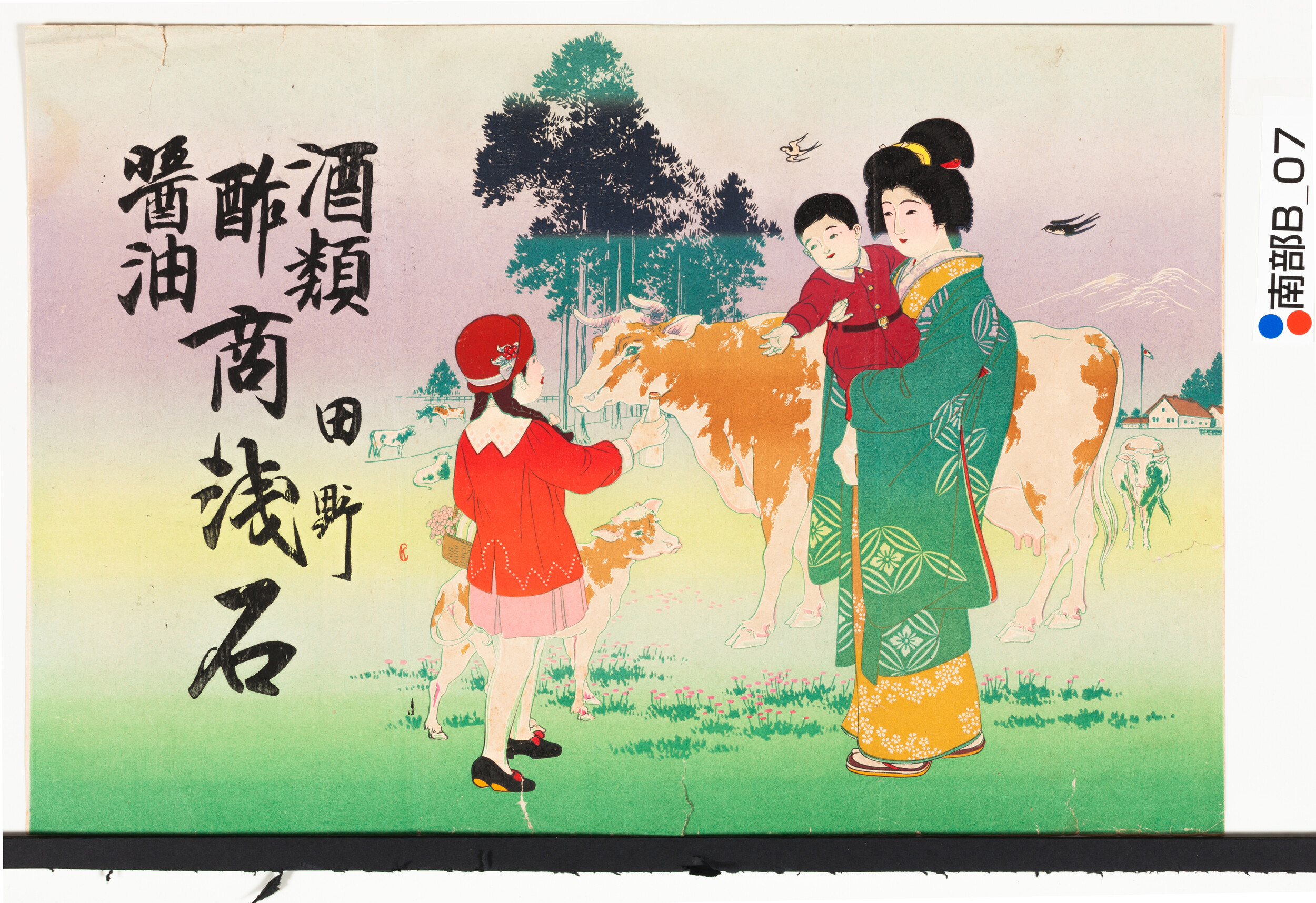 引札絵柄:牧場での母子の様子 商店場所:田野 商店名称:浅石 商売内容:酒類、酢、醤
-- -- --
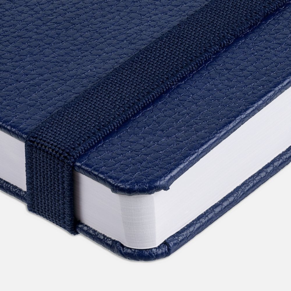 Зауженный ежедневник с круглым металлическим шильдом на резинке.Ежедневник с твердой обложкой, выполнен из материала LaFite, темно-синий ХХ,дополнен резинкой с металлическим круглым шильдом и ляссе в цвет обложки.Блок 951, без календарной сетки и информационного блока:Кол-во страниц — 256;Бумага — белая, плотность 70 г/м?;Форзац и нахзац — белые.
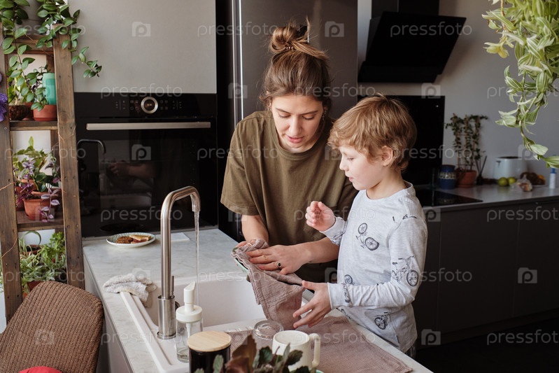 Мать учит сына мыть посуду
-- -- --
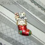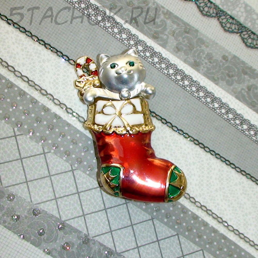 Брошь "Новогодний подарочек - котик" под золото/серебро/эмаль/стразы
-- -- --
Above are some entries; copy exactly the lines from the line with "Зауженный ежедневник с" through the line with "Мать учит сына мыть посуду", both included, but none of the pictures.

 Зауженный ежедневник с круглым металлическим шильдом на резинке.Ежедневник с твердой обложкой, выполнен из материала LaFite, темно-синий ХХ,дополнен резинкой с металлическим круглым шильдом и ляссе в цвет обложки.Блок 951, без календарной сетки и информационного блока:Кол-во страниц — 256;Бумага — белая, плотность 70 г/м?;Форзац и нахзац — белые.
 Мать учит сына мыть посуду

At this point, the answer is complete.